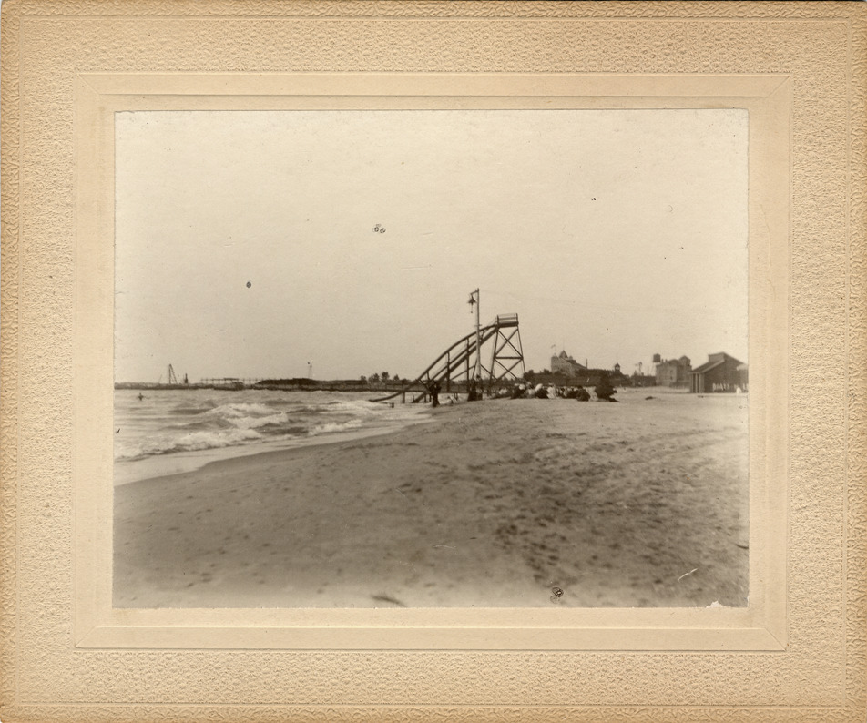 Favorite this☆ Water slide on St. Joseph beach Description: Water slide into surf on Lake Michigan. Several people sitting on sand around the base. Buildings and pier in background. Stamped on mat back: "E.W. Sprague, Detroit, Mich." Details Resource ID: DPA0615 Creator: Sprague, E.W. Subject: Beaches--Michigan--Saint Joseph Michigan, Lake Amusement rides--Michigan--Saint Joseph Photographers--Michigan--Detroit Albumen prints Photographic prints Date Issued: Unknown year Format: 1 photographic print mounted on mat board ; image 3.75 x 4.75 in. Member of: Burton Historical Collection Filing Location: M/Localities-St. Joseph Rights: Physical rights are retained by DPL. Copyright is retained in accordance with U.S. copyright laws.
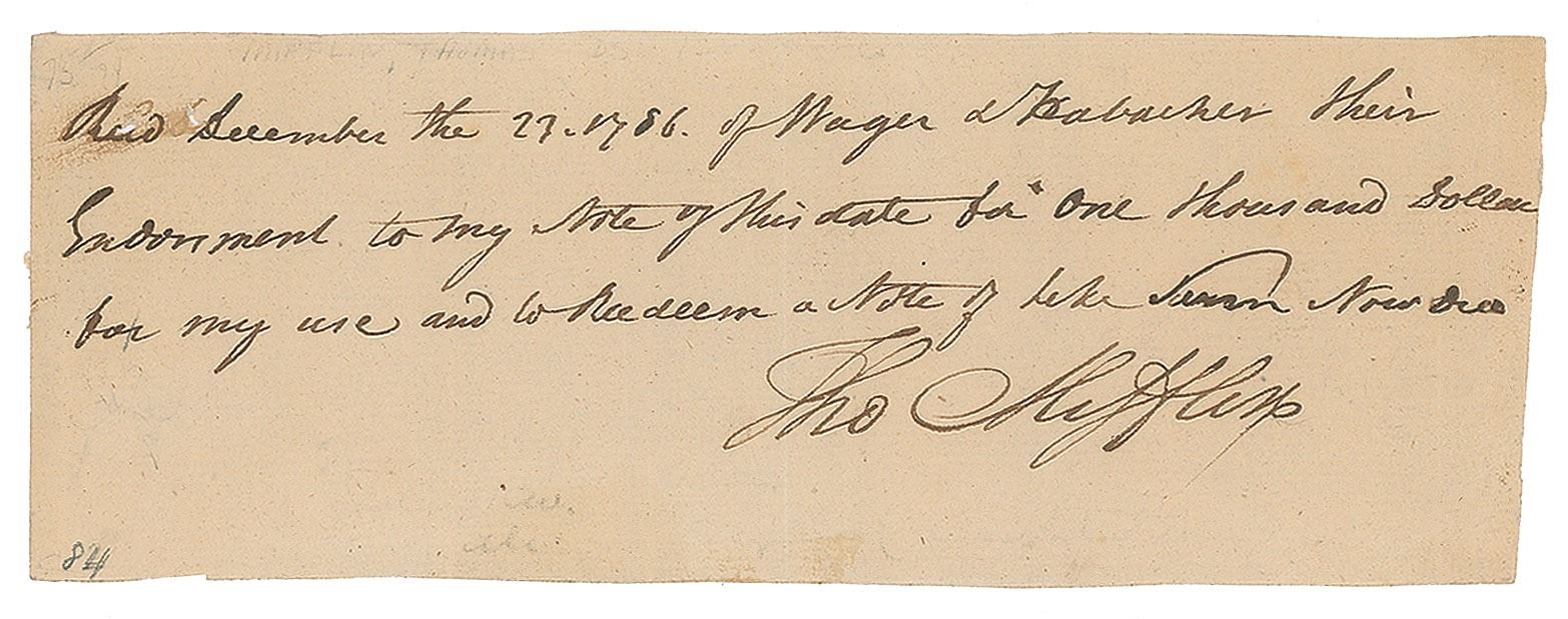 Manuscript DS, signed “Tho. Mifflin,” one page, 8 x 3, December 23, 1786. Payment receipt, which reads: "Rec'd December the 23rd 1786 of Wager & Habacker their Endorsement to my Note of this date for One thousand Dollars for my use and to Redeem a Note of like Sum." Signed prominently at the conclusion by Mifflin. In fine condition. Mifflin served as Speaker of the Pennsylvania House of Representatives from 1785 to 1787.
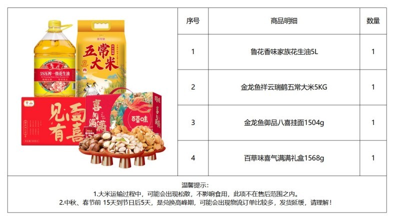 鲁花 /金龙鱼/百草味 粮油食品组合 5L+8.072KG 混色(单位:套)
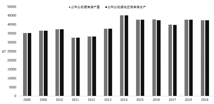 图为必和必拓硬焦煤产量变化
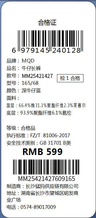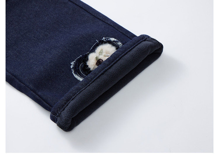 【MQD】童装女大童冬新款儿童甜美可爱加绒加厚保暖直筒长裤牛仔裤
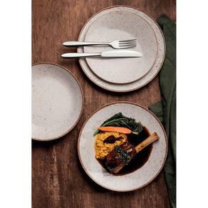 Kit com 4 pratos rasos Diâmetro: 28 cm Material: Porcelana Acabamento rústico com design elegante Alta resistência e durabilidade Baixa absorção de umidade Compatível com micro-ondas e lava-louças Ideal para servir pratos principais com estilo e sofisticação

The problem
What this calls for is a word-for-word copy of the listing above, pictures excluded.

Solution
 Favorite this☆ Water slide on St. Joseph beach Description: Water slide into surf on Lake Michigan. Several people sitting on sand around the base. Buildings and pier in background. Stamped on mat back: "E.W. Sprague, Detroit, Mich." Details Resource ID: DPA0615 Creator: Sprague, E.W. Subject: Beaches--Michigan--Saint Joseph Michigan, Lake Amusement rides--Michigan--Saint Joseph Photographers--Michigan--Detroit Albumen prints Photographic prints Date Issued: Unknown year Format: 1 photographic print mounted on mat board ; image 3.75 x 4.75 in. Member of: Burton Historical Collection Filing Location: M/Localities-St. Joseph Rights: Physical rights are retained by DPL. Copyright is retained in accordance with U.S. copyright laws.
 Manuscript DS, signed “Tho. Mifflin,” one page, 8 x 3, December 23, 1786. Payment receipt, which reads: "Rec'd December the 23rd 1786 of Wager & Habacker their Endorsement to my Note of this date for One thousand Dollars for my use and to Redeem a Note of like Sum." Signed prominently at the conclusion by Mifflin. In fine condition. Mifflin served as Speaker of the Pennsylvania House of Representatives from 1785 to 1787.
 鲁花 /金龙鱼/百草味 粮油食品组合 5L+8.072KG 混色(单位:套)
 图为必和必拓硬焦煤产量变化
 【MQD】童装女大童冬新款儿童甜美可爱加绒加厚保暖直筒长裤牛仔裤
 Kit com 4 pratos rasos Diâmetro: 28 cm Material: Porcelana Acabamento rústico com design elegante Alta resistência e durabilidade Baixa absorção de umidade Compatível com micro-ondas e lava-louças Ideal para servir pratos principais com estilo e sofisticação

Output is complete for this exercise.